_Directions:_
Extract exactly the lines from the top of the records through the line containing "1948, View of", and keep pictures out of the copy.

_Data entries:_
== == ==
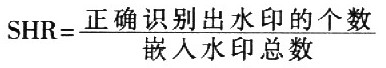 本文采用识别率(SHR)对检测到的承印进行性能上的估测。识别率定义为正确识别的水印与嵌入水印之比。公式如下:
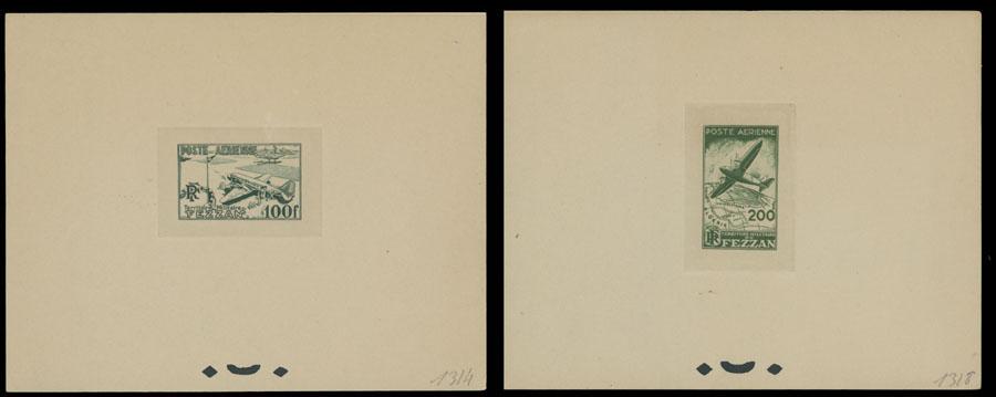 1948, View of Airport and Airplane over the Map, die sunk epreuves de luxe of 100fr and 200fr, both are in green with typical punctures and endorsed number instead of text at bottom right, no gum as produced, NH, VF and very rare, Sassone #PA1-2, Est. $500-$600, Scott #2NC1-2
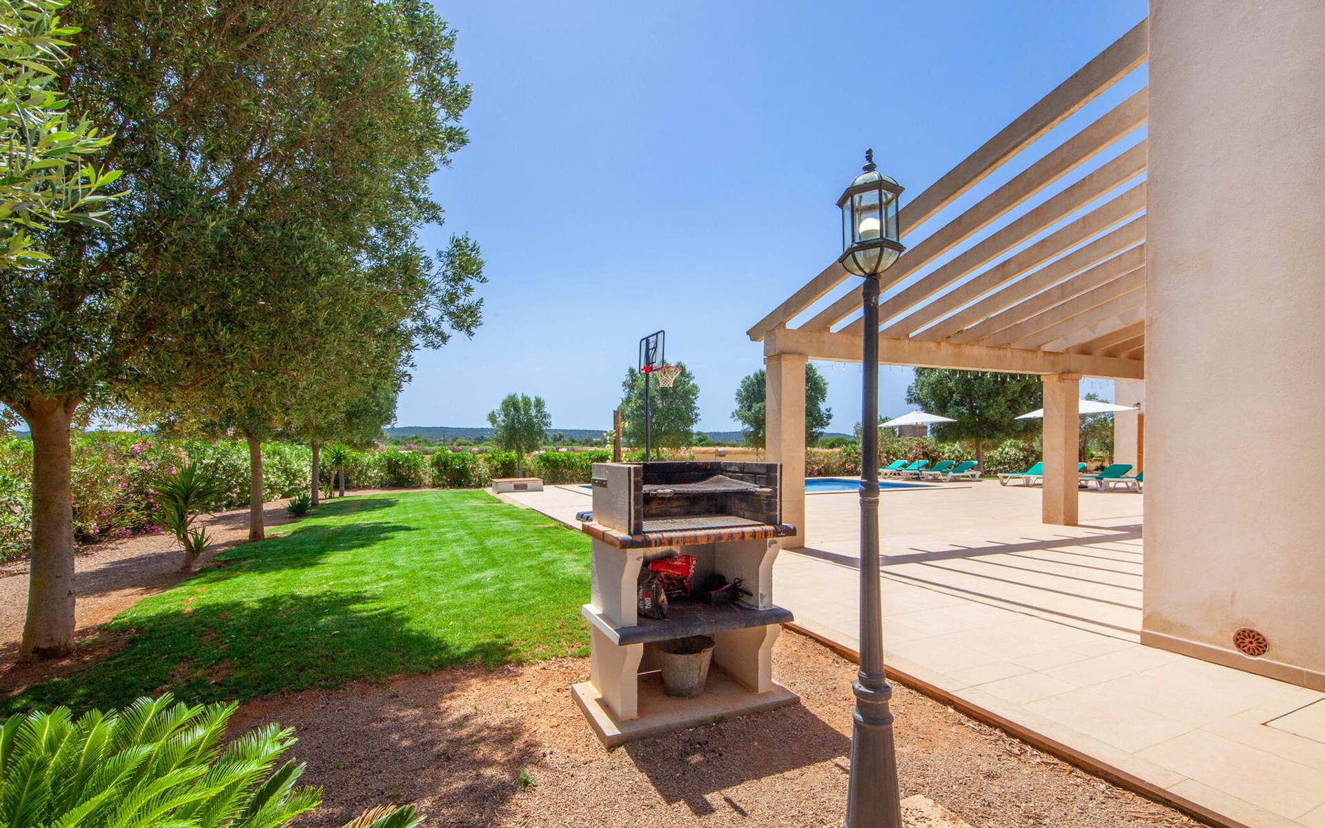 The L-shaped villa is surrounded by a lush garden with young trees growing into a bright future. The property is located in a tranquil landscape, typical of the south of the island, and offers sweeping views for you to enjoy. This is a place for those who appreciate the clean lines of minimalist design. The classic rectangular pool invites you to swim at any time, surrounded by comfortable sun loungers for relaxing after a swim. When the weather calls for it, fire up the barbecue for an evening feast. The covered terrace has two dining tables, ideal for larger groups.
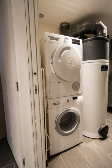 - Lavanderia con scaldabagno, lavatrice e asciugatrice
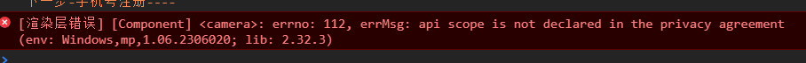 [渲染层错误] [Component] <camera>: errno: 112, errMsg: api scope is not decl
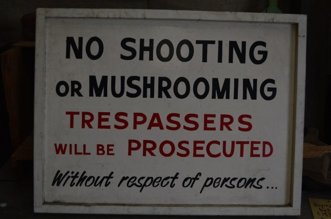 Wonderful vintage sign “no shooting or mushrooming”. C 1950. Dimensions 64.5 cm x 49 cm. Price $160.00
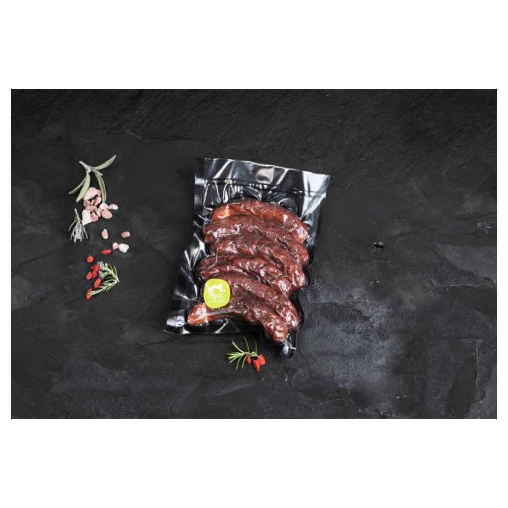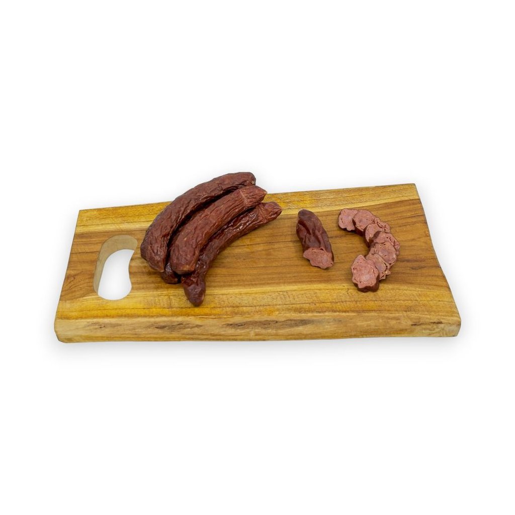 Naše jehněčí klobásy jsou vyrobeny ručně z vyzrálého hovězího a jehněčího masa v BIO kvalitě. Jsou uzené tradičním způsobem na bukovém a ovocném dřevě (trnka, třešeň).
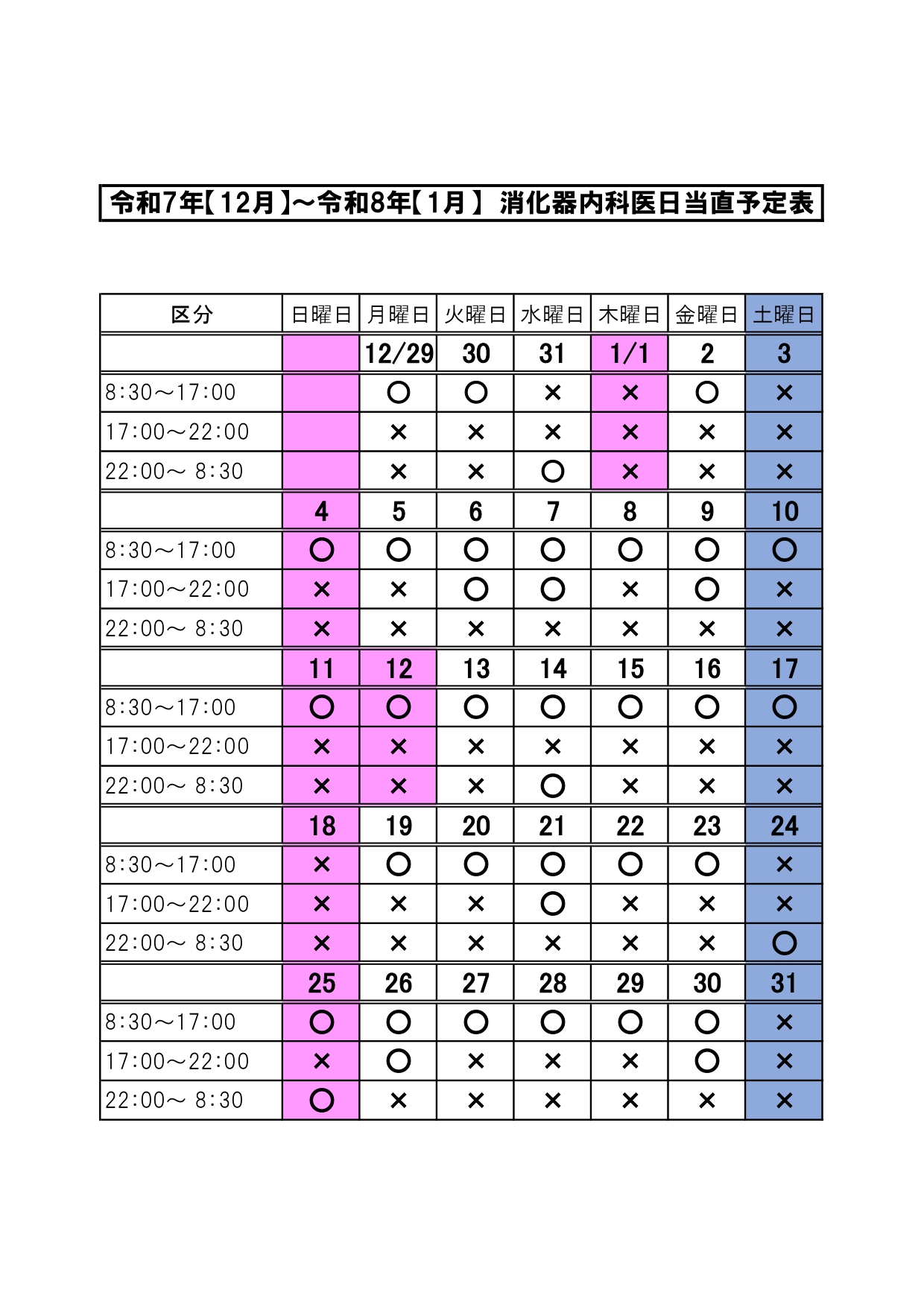 2025年12月26日(金) お知らせ 医療機関のみなさまへ(緊急内視鏡の依頼について) 緊急内視鏡治療を必要とする患者さんのご紹介は、必ず事前にお電話で診療可能であるか をご確認の上、患者さんをご紹介ください。 消化器内科医が日当直を担当する日(○のついた日)であっても、処置中等で患者さんを お受けできない場合があります。 表はクリックすると拡大します 新着情報一覧
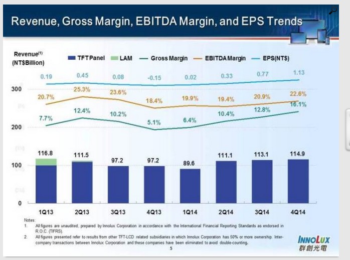 售價為每平方公尺469元美金。中小尺寸營收為新台幣227億元,較上一季增加7%;中小
== == ==
_Result of the task:_
 本文采用识别率(SHR)对检测到的承印进行性能上的估测。识别率定义为正确识别的水印与嵌入水印之比。公式如下:
 1948, View of Airport and Airplane over the Map, die sunk epreuves de luxe of 100fr and 200fr, both are in green with typical punctures and endorsed number instead of text at bottom right, no gum as produced, NH, VF and very rare, Sassone #PA1-2, Est. $500-$600, Scott #2NC1-2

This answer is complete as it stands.